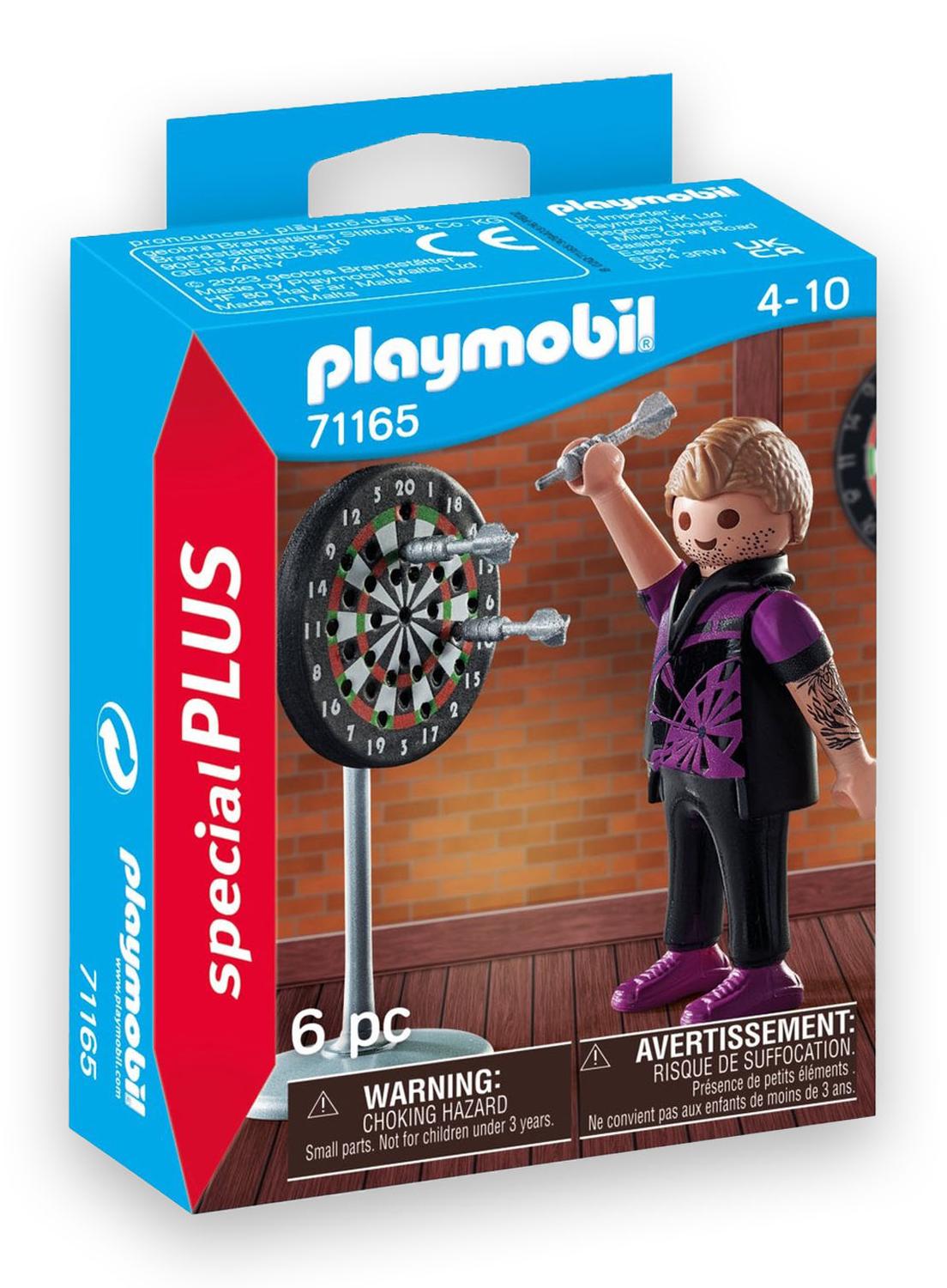 Darts is niet alleen een populair tijdverdrijf in de kroeg, maar ook een veeleisende sport. De dartspeler traint dagelijks om zijn behendigheid en concentratie te verbeteren. Hij gooit vakkundig de darts naar het dartbord. Alles raak, perfecte score! Inhoud Een Playmobil-figuur Een dartbord Drie darts. Kenmerken De darts kunnen in de hand van de figuur worden gehouden en op 31 verschillende posities op het dartbord worden bevestigd. Playmobil Special Plus-figuren bieden veel speelplezier met tal van accessoires voor kinderen vanaf 4 jaar. Met de speelgoedfiguren kan afzonderlijk of in combinatie met andere Playmobil-themawerelden worden gespeeld.
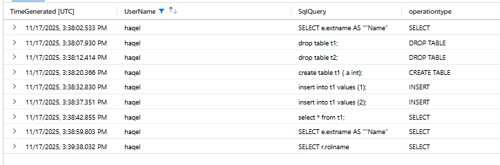 |project TimeGenerated,UserName,SqlQuery,operationtype
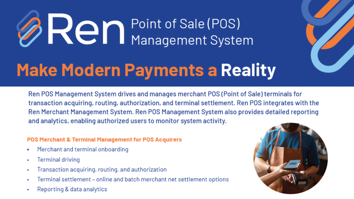 The Ren POS Management System empowers financial institutions, acquirers, and processors to centrally manage merchant point-of-sale (POS) devices—driving transactions, authorizations, routing, and settlements with high efficiency and control.
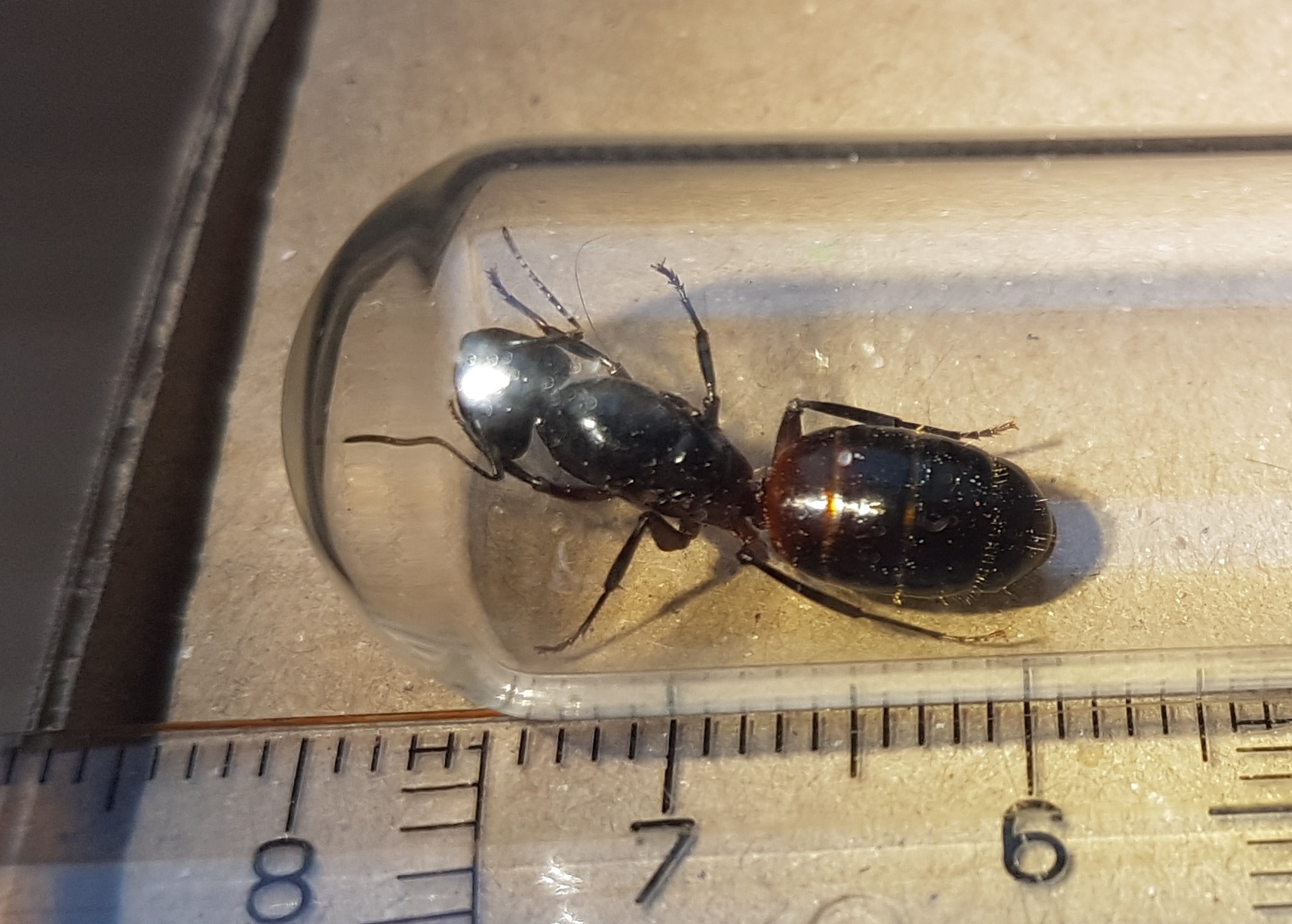Daran zu erkennen, dass die Gyne zum einen bulliger gebaut ist als die sehr ähnliche Camponotus herculeanus und dass das erste Tergit (erste Chitinplatte am Gaster) rötlich gefärbt ist.

——

### [Your objective]
Every line of the data should be transcribed exactly. Omit the images.

### [Reply]
 Darts is niet alleen een populair tijdverdrijf in de kroeg, maar ook een veeleisende sport. De dartspeler traint dagelijks om zijn behendigheid en concentratie te verbeteren. Hij gooit vakkundig de darts naar het dartbord. Alles raak, perfecte score! Inhoud Een Playmobil-figuur Een dartbord Drie darts. Kenmerken De darts kunnen in de hand van de figuur worden gehouden en op 31 verschillende posities op het dartbord worden bevestigd. Playmobil Special Plus-figuren bieden veel speelplezier met tal van accessoires voor kinderen vanaf 4 jaar. Met de speelgoedfiguren kan afzonderlijk of in combinatie met andere Playmobil-themawerelden worden gespeeld.
 |project TimeGenerated,UserName,SqlQuery,operationtype
 The Ren POS Management System empowers financial institutions, acquirers, and processors to centrally manage merchant point-of-sale (POS) devices—driving transactions, authorizations, routing, and settlements with high efficiency and control.
Daran zu erkennen, dass die Gyne zum einen bulliger gebaut ist als die sehr ähnliche Camponotus herculeanus und dass das erste Tergit (erste Chitinplatte am Gaster) rötlich gefärbt ist.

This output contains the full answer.